Total dissolved solids (TDS) refers to the amount of ionized solids that have been dissolved in a solution. If you were to add table salt to a glass of water, the salt granules would eventually dissolve, making it difficult to gauge how much salt was present. 

Using a TDS tester, you can determine the quantity of solids (in this case, salt) dissolved in the water without evaporating the liquid and transforming the salt back into a solid state through a process known as gravimetrics.

Rather than using gravimetrics, TDS meters test the electrical conductivity (EC) of a liquid. Ionized salts are the most common form of TDS and can be found in both organic and inorganic material, making them ideal TDS indicators. Because salts are composed of positive and negative ions, you can determine the salinity of a solution by measuring its net EC. Pure H2O is not capable of conducting electricity and will produce an EC reading of zero.
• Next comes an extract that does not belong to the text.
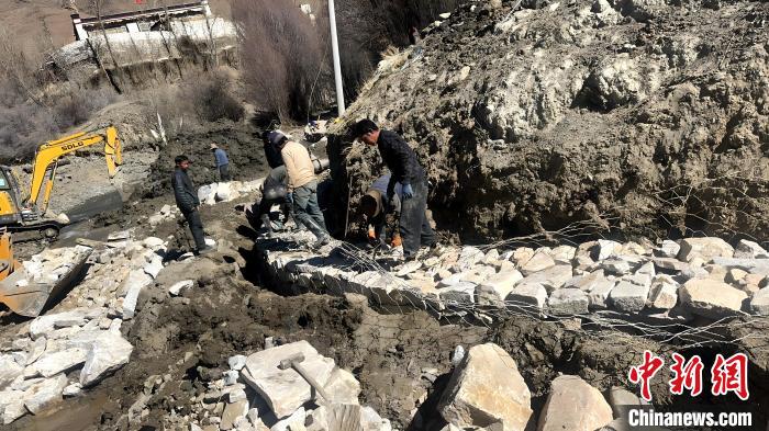 图为工作队组织人员加固吐如雄村灌溉水池。工作队 供图

The more positively charged salt ions that are present, the greater your EC readings will be.

Although the gravimetric method will reveal exactly how much TDS is present, it’s inefficient and often impossible to accomplish in the field. In addition, a variety of organic material is temperature-sensitive and may be destroyed in the boiling and evaporation process. Furthermore, the accuracy of your TDS readings depends on the sophistication and accuracy of the scales used to weigh the residual solids.

Although TDS meters don’t require the use of scales or other equipment, they do require you to measure temperature, as well as EC. A substance with a higher temperature will generate a higher EC reading, regardless of TDS levels. For this reason, testing temperature and EC together ensures reading accuracy Digital TDS meters today will automatically compensate for temperature when calculating TDS levels in parts per million (ppm).
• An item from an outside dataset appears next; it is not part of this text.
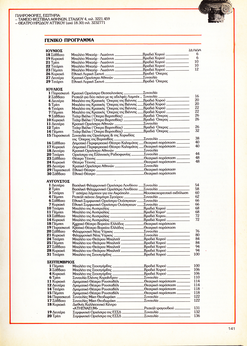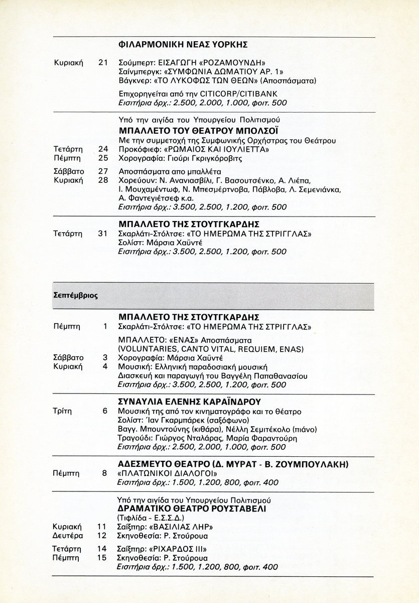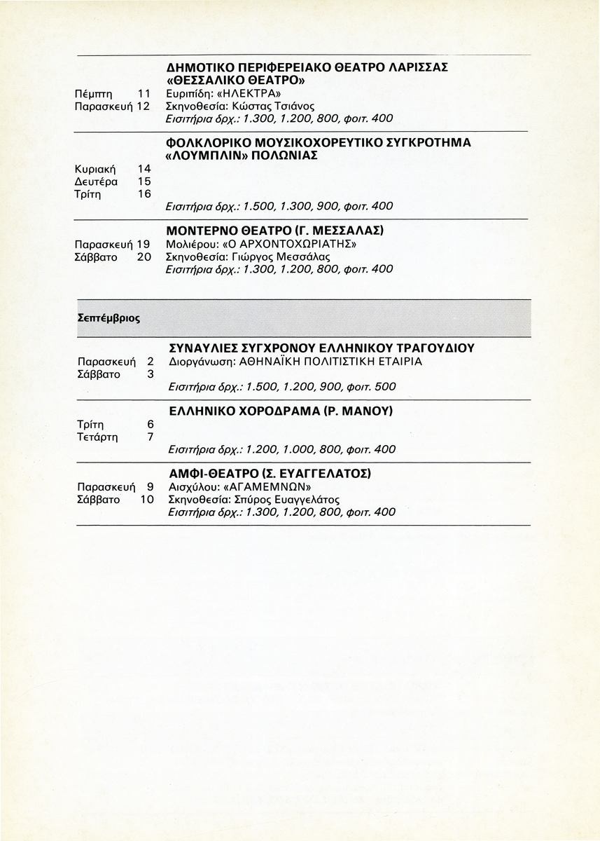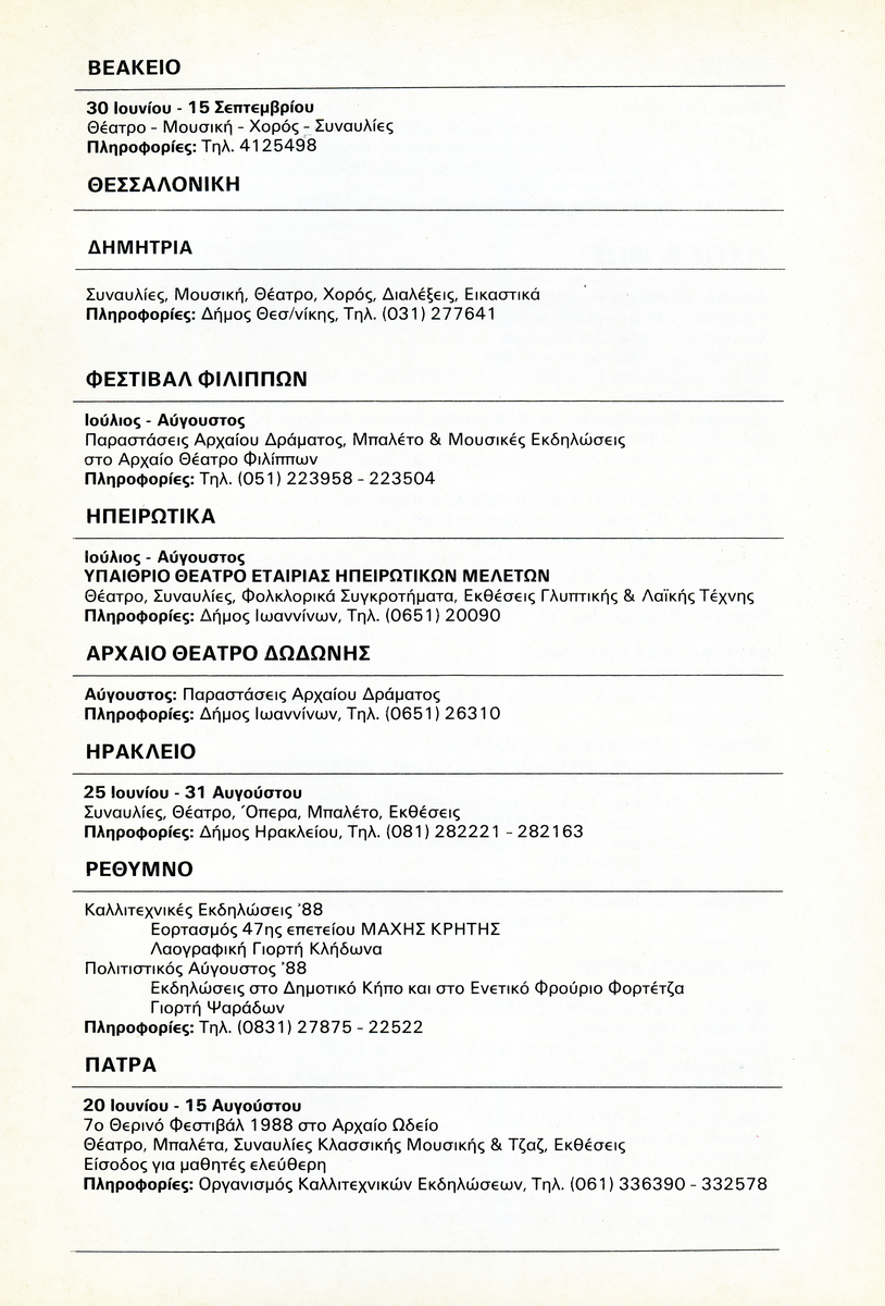 Μικρός κατάλογος - Καλλιτεχνικές εκδηλώσεις (EN)

TDS testers come in the form of portable, benchtop, or in-line meters, making it easy to collect data in a lab, a manufacturing plant, or in the natural world. Because meters automatically convert EC into the standard ppm units and account for temperature variation, they also streamline the testing process. That said, it’s exceptionally important to keep the conversion factor on your meter consistent between readings to ensure accurate results.

While TDS meters can tell you the amount of solids dissolved in water, they don’t actually reveal what those dissolved substances are. Instead, TDS is used as a general, quick and easy indicator of contamination and a metric for tracking changes over time.

According to the EPA, drinking water should have a TDS reading of about 500 mg/L or less in order to be considered safe to consume. In addition, the EPA outlines which dissolved substances are acceptable in drinking water and in what quantities they’re allowed. When the net TDS level climbs above the accepted threshold, it’s usually a sign of greater contamination and is considered a health hazard.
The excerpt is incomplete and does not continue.